TUTTI I MARCHI «BARANO». Chi più chi meno, tutte le aziende produttrici di automobili dichiarano consumi ed emissioni inferiori a quelle reali.
Mettendo a confronto i dati dichiarati dalla case con un ampio set di rilevazioni nella vita reale elaborato da compagnie di leasing, riviste specializzate e associazioni dei consumatori un altro report, elaborato dall'International Council on Clean Transportation nel maggio 2013 (il documento), mostra evidenti discrepanze nei dati resi noti e quelli effettivi: Bmw-Audi pubblicizza valori in media del 30% inferiori al reale, Mercedes del 26%, Fiat del 24%, Peugeot-Citroen del 16%, Toyota del 15%.
E negli anni il vizietto si è aggravato: nel 2001 lo scostamento medio era del 10%, nel 2011 è diventato del 25%.
SERVE UN ENTE DI CONTROLLO. «Che siano manipolate o derivanti da controlli inadeguati le discrepanze dei valori reali di emissioni con quelli dichiarati sono destinati ad avere ripercussioni importanti sul settore dal punto di vista economico ma soprattutto aprono scenari rilevanti sull'ambiente e sulla salute umana», sottolinea ancora Zampetti di Legambiente.
«Lo Iarc (la International agency for research on cancer, l'agenzia dell'Oms che si occupa di ricerca sui tumori, ndr) ha certificato in particolare che i gas di scarico dei motori diesel sono cancerogeni», ha ricordato l'esperto.
«È evidente che dati certificati e sottostimati sulle emissioni aprono uno scenario preoccupante. E rendono la costituzione di un soggetto terzo e indipendente di indagine, come lo è l'Epa negli Usa, una necessità inderogabile».
IN UE LIMITI PIÙ SEVERI CHE IN USA. A legittimare i sospetti sulle rilevazioni si aggiunge il fatto che in Europa i limiti imposti sulle emissioni sono teoricamente assai più rigidi di quelle degli Usa (è previsto che costruttori di auto entro il 2015 abbiano una gamma con una media di 130 gamma di CO2 per chilometro e nel 2021 questo valore deve scendere a 95). Un motivo per credere che lo scandalo sia globale.
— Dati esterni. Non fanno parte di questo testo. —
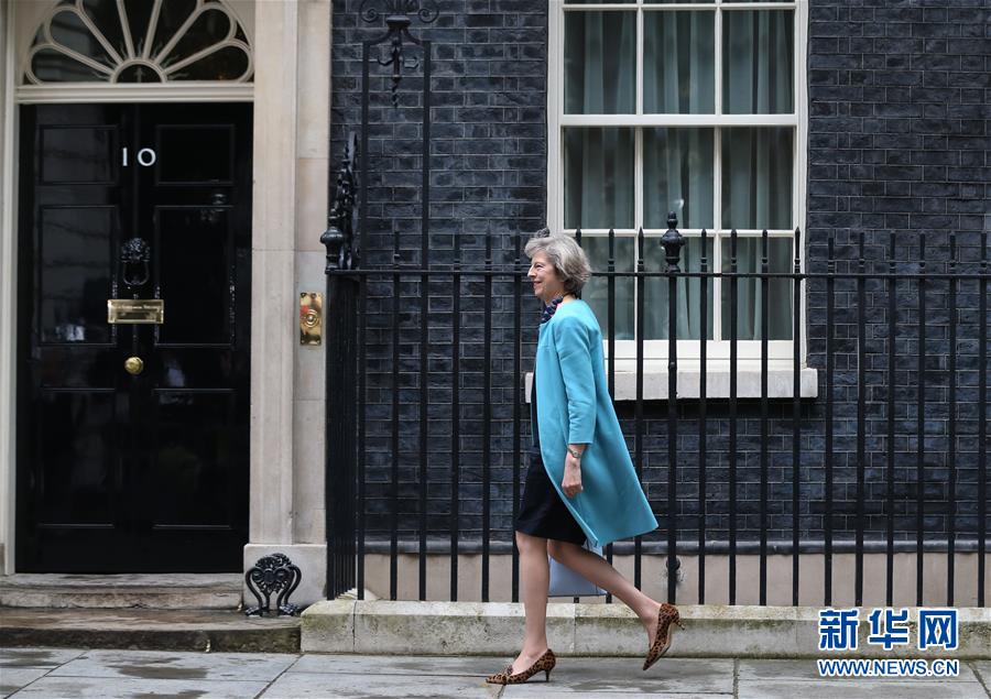 。這是6月27日英國內(nèi)政大臣特雷莎·梅參加完內(nèi)閣會議從倫敦唐寧街10號走出的資料照片。 新華社記者韓巖攝

«Ogni grammo in meno nella media di CO2 emessa dalla gamma Volkswagen costa al gruppo 100 milioni di euro in ricerca e sviluppo», aveva dichiarato nel 2014 l'amministratore delegato del gruppo tedesco, Martin Winterkorn.
Una frase che riletta dopo la bufera assume un significato grottesco.
«Volkswagen responsabile di 1 milione di tonnellate di ossidi di azoto l'anno»
Secondo l'allarmante stima fatta dal quotidiano britannico Guardian, l'aver truccato i test su 11 milioni di veicoli rende la sola Volkswagen responsabile di circa 1 milione di tonnellate di ossidi di azoto all'anno.
E l'impatto delle emissioni, ha sottolineato il giornale, potrebbe essere molto più elevato in Europa, dove quasi la metà delle auto sono diesel rispetto al misero 3% degli Usa.
CODACONS VUOLE AGIRE. Il Codacons, già intenta a raccogliere migliaia di adesioni alla class action contro il colosso tedesco da avviare negli Usa, sta vagliando la possibilità di ulteriori azioni legali da intraprendere in Italia a tutela degli automobilisti proprietari di vetture a marchio VW.
Lo comunica l'associazione dei consumatori.
CHIESTO UN CERTIFICATO. «In questa situazione di incertezza riteniamo indispensabile appurare il rispetto delle norme sulle emissioni sia per le autovetture Volkswagen attualmente in vendita, sia per i modelli già circolanti nel nostro Paese, attraverso un apposito certificato rilasciato dal ministero dei Trasporti di concerto con quello dello Sviluppo economico».
E se dovessero emergere irregolarità anche per le automobili vendute in Italia, ha rincarato l'ente di tutela, sarebbe inevitabile una richiesta di ritiro delle vetture commercializzate nel nostro Paese da parte dell'associazione, con conseguente azione risarcitoria in difesa degli automobilisti.
«CON EURO 6 BASTA TEST IN LABORATORIO». Pur non volendo entrare nel merito della bufera che ha investito Volkswagen, l'Acea (l'associazione dei costruttori di automobili europei) ha voluto ricordare che con la nuova normativa Euro 6 «presto si richiederà per la prima volta in Ue che i test delle emissioni non vengano fatti in laboratorio, ma in tutte le condizioni di guida».